There are four tables

Paragraphs

This is where the main body of text is. A typical row will look like this

WorkID: hamlet
ParagraphID: 639015
ParagraphNum: 3427
CharID: hamlet
PlainText: Has this fellow no feeling of his business, that he sings atngrave-making?
Act: 5
Scene: 1

Works

This is what translates the "WorkID" into something human readable - plus some extra metadata

WorkID: hamlet
Title: Hamlet
LongTitle: Tragedy of Hamlet, Prince of Denmark, The
Date: 1600
GenreType: Tragedy

Character

This is what translates the CharID into a human readable name and description

charID: hamlet
CharName: Hamlet
Abbrev: Ham
Works: Tragedy of Hamlet, Prince of Denmark, The
Description: son of the former king and nephew to the present king

Chapters

This gives the setting for each Act and Scene.

WorkID: hamlet
ChapterID: 18893
Act: 5
Scene: 1
Description: Elsinore. A churchyard.

What's Next?

The next steps for the project are fairly obvious:

Write some high level example code to show people how to use the database.
Make shkspr.mobi a showcase site which runs off the database.
Fix any bugs and inconsistencies that people find.
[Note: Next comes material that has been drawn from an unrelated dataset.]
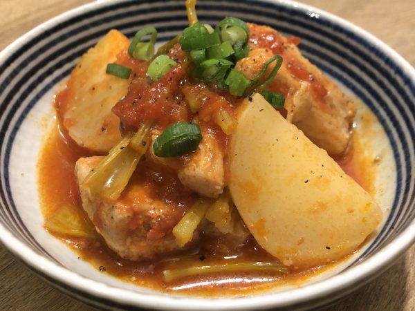 トマト煮で温まろう。

You can download the Shakespeare MySQL Database from GitHub.

11 thoughts on “Open Source Shakespeare (in MySQL)”

Eric Johnson

Terence, the OSS site itself runs on MySQL, and has since 2003, when I launched the beta version of the site. The download page provides Access and CSV files because those are the most easily-consumed versions of the database. For whatever reason, I've actually never been asked for a mysqldump version of the site -- probably because whenever someone has downloaded the db, they want to use the database in their own personal project, so they'd rather import the data into their own table structure, rather than replicating OSS's.
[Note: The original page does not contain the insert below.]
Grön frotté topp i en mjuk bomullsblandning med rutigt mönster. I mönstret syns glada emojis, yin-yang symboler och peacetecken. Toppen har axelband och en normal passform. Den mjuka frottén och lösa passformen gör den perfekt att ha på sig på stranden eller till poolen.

I'm glad you're finding the database useful, and I'm also glad to see it up on github.

Reply 2012-04-21 11:49
1. Terence Eden
  
  Thanks for the comment - and thank you for creating the original version.
  
  Reply 2012-04-21 14:01
Samuel Pickard

Has this fellow no feeling of his business, that he sings atngrave-making?

I think that this may be a question for both Terence and Eric then. The text has a new-line character n in it, which really really annoys me far more than is reasonable. Does this text really need formatting in it? Can't I decide how to word wrap the text?

Reply 2012-04-23 07:32
1. Terence Eden
  Hi Samuel,
  
  Great question.
  
  Two points to note,
  1. Shakespeare is traditionally broken down into lines. The allows the reader to see rhyming couplets, get a sense of rhythm, etc. It's also useful for long soliloquies to be able to reference specific lines.
  2. The original DB used "[p]" to show new lines. I wasn't aware of any parsing tools which could easily strip that out and replace it with, e.g. >br/&lt>
  What one could do is create a separate tale which lists where the line breaks should be - then remove them from the text. To be honest, I think it's probably easier for the user to strip out the n is they're not needed.
  
  T
  Reply 2012-04-23 07:57
  1. Samuel Pickard
    
    Good point, I'd not thought of referencing specific lines. n is much, much better than <br/>
    
    Reply 2012-04-23 08:03
Joseph Haig

Thanks for this, which I found via Bill Thompson on Twitter (@billt). One thing I notice immediately is that the sql file doesn't have the table definitions. I can guess more or less how the tables should be created but it would be useful if these could be included. A 'mysqldump' should produce a file including all you need to recreated the database elsewhere.

Reply 2012-04-23 11:16
1. Joseph Haig
  
  ... and another thing (now that I have imported your data).
  
  You should avoid multi-valued columns such as the 'Works' column of the 'Characters' table. Instead, have a separate table with two columns; CharId and WorkId. This will make it much easier to extract the data.
  
  I am a database professional (of sorts) but not a great expert on Shakespeare.
  
  Reply 2012-04-23 11:51
Andy Mabbett

Sir Tim Berners-Lee proposes "5 Stars of Linked Open Data", the last of which is "link your data to other data to provide context". Accordingly, I'd suggest you add a line (or lines) to your "Works" table, with the URIs of, say, the equivalent English Wikipedia articles, and/or, their DBPedia (data) equivalents.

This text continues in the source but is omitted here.